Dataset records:
- Opening Delimiter -
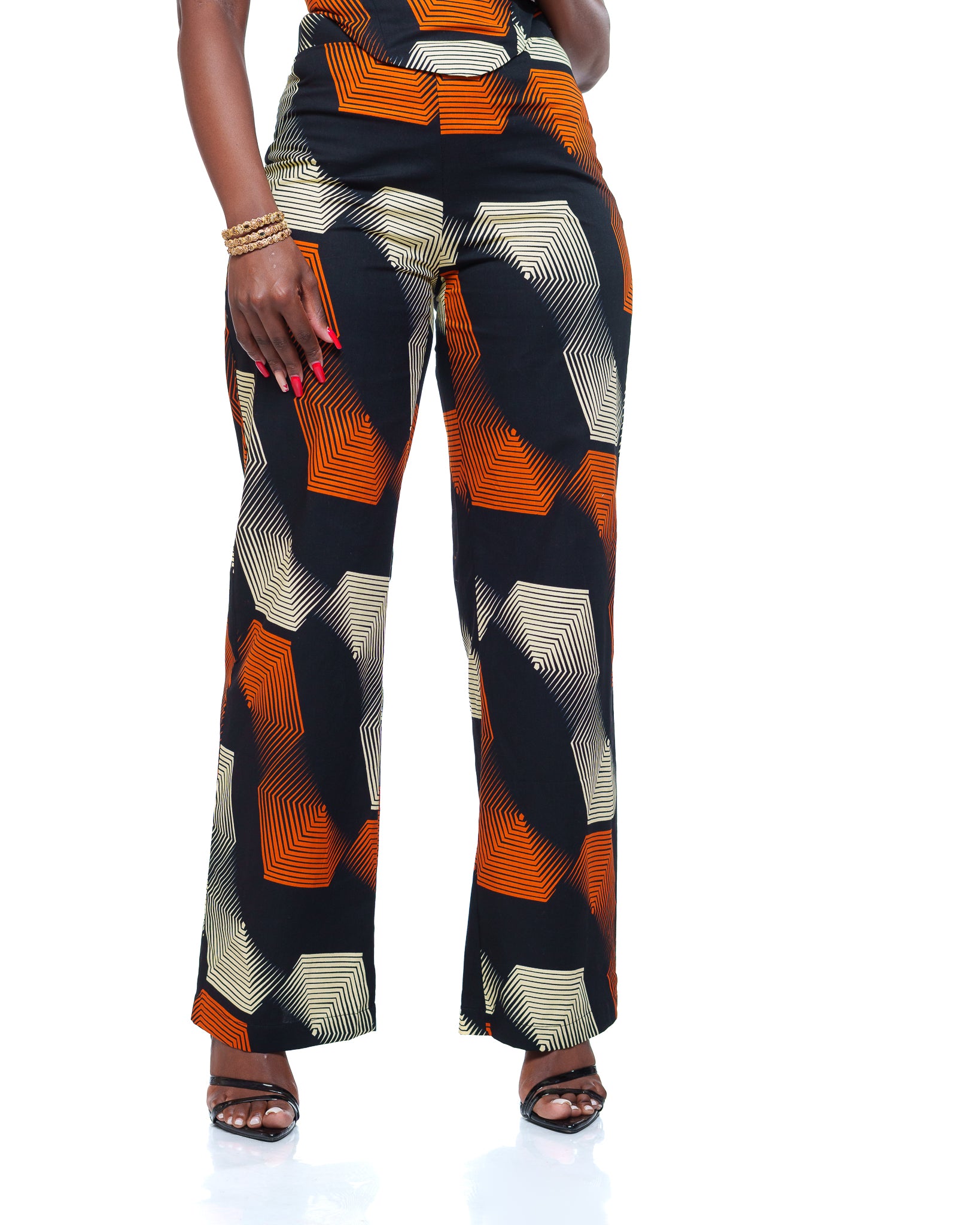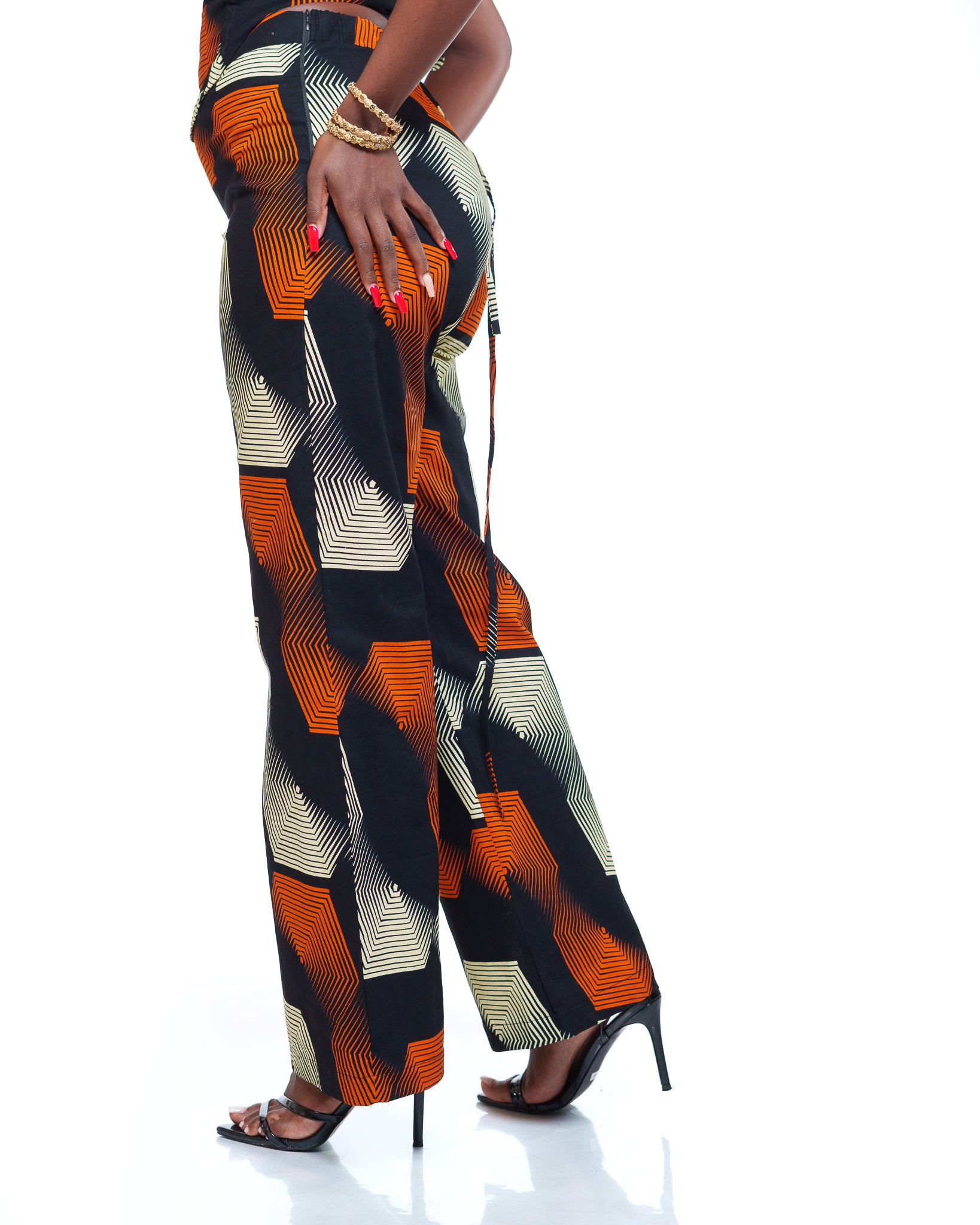 The Luanda Pants in Asili combine bold African-inspired design with effortless comfort. Crafted from 100% organic cotton in a vibrant orange, yellow, and black patterned fabric, these wide-leg pants feature an elastic waistband, hidden zip, and functional pockets. Pair them with the matching Asili top for a coordinated set or mix and match for versatile day-to-night styling.
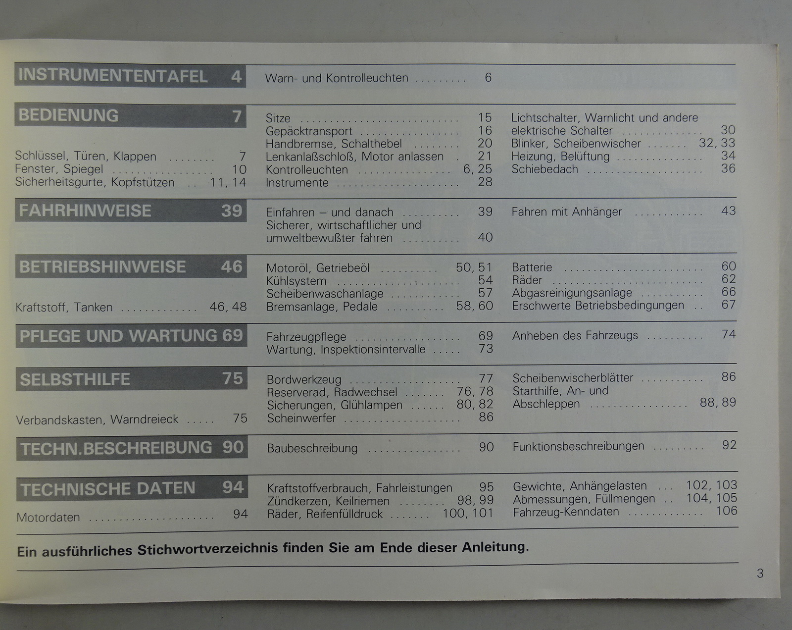Inhalt: Technische Daten, Beschreibung, Bedienung, Pflege/Wartung, Betriebsstoffe, Selbsthilfe etc.
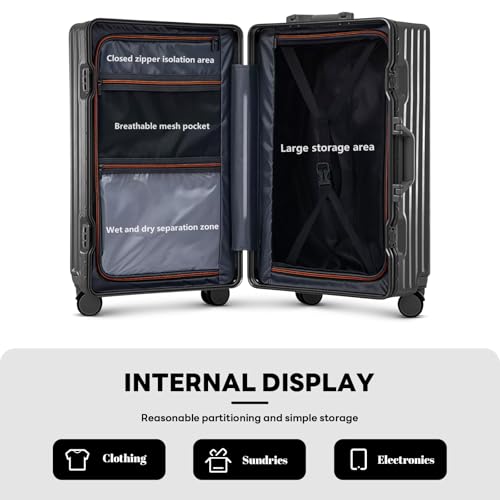 • 【ZIPPERLESS ALUMINUM FRAME – SECURE & SLEEK】Featuring a modern zipperless design with a sturdy aluminum alloy frame, this suitcase ensures enhanced security and smooth closing action. Its sleek, minimalist look sets it apart from traditional luggage.
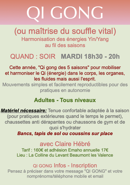 "Apaisement et recentrage pour moi. J'ai beaucoup apprécié tes conseils diététiques, le Qi gong et Do In"
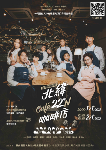 《北纬22°咖啡店》由著名香港舞台剧《南海十三郎》《我和春天有个约会》导演黄树辉担任艺术顾问,由澳门新晋全才导演吴嘉伟和资深音乐制作人陈蔚风强强联手,联合澳门多位实力戏剧演员及著名歌手,将音乐、舞蹈、戏剧等诸多舞台元素配合成一部清新佳作。
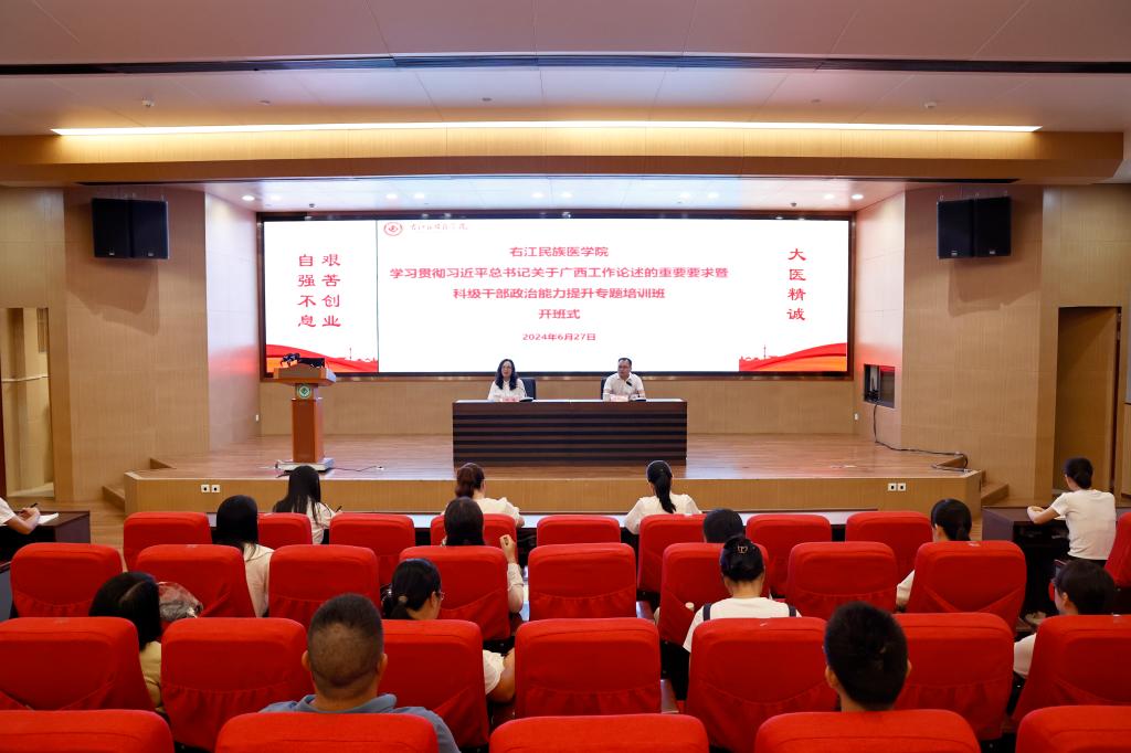 6月27日至28日,Beat365官网学习贯彻习近平总书记关于广西工作论述的重要要求暨科级干部政治能力提升专题培训班在国际会议中心学术报告厅圆满举行。学校党委书记邓砚出席培训班开班仪式,学校全体科级干部,Beat365官网派驻西林县脱贫攻坚(乡村振兴)第一书记、工作队员及各帮扶乡镇领导代表、各帮扶村村干部代表参加培训。开班仪式由党委组织部副部长吕维纯主持。
- Closing Delimiter -
What the task requires
The records above should be retyped in full and exactly; omit the pictures.

Finished task
 The Luanda Pants in Asili combine bold African-inspired design with effortless comfort. Crafted from 100% organic cotton in a vibrant orange, yellow, and black patterned fabric, these wide-leg pants feature an elastic waistband, hidden zip, and functional pockets. Pair them with the matching Asili top for a coordinated set or mix and match for versatile day-to-night styling.
Inhalt: Technische Daten, Beschreibung, Bedienung, Pflege/Wartung, Betriebsstoffe, Selbsthilfe etc.
 • 【ZIPPERLESS ALUMINUM FRAME – SECURE & SLEEK】Featuring a modern zipperless design with a sturdy aluminum alloy frame, this suitcase ensures enhanced security and smooth closing action. Its sleek, minimalist look sets it apart from traditional luggage.
 "Apaisement et recentrage pour moi. J'ai beaucoup apprécié tes conseils diététiques, le Qi gong et Do In"
 《北纬22°咖啡店》由著名香港舞台剧《南海十三郎》《我和春天有个约会》导演黄树辉担任艺术顾问,由澳门新晋全才导演吴嘉伟和资深音乐制作人陈蔚风强强联手,联合澳门多位实力戏剧演员及著名歌手,将音乐、舞蹈、戏剧等诸多舞台元素配合成一部清新佳作。
 6月27日至28日,Beat365官网学习贯彻习近平总书记关于广西工作论述的重要要求暨科级干部政治能力提升专题培训班在国际会议中心学术报告厅圆满举行。学校党委书记邓砚出席培训班开班仪式,学校全体科级干部,Beat365官网派驻西林县脱贫攻坚(乡村振兴)第一书记、工作队员及各帮扶乡镇领导代表、各帮扶村村干部代表参加培训。开班仪式由党委组织部副部长吕维纯主持。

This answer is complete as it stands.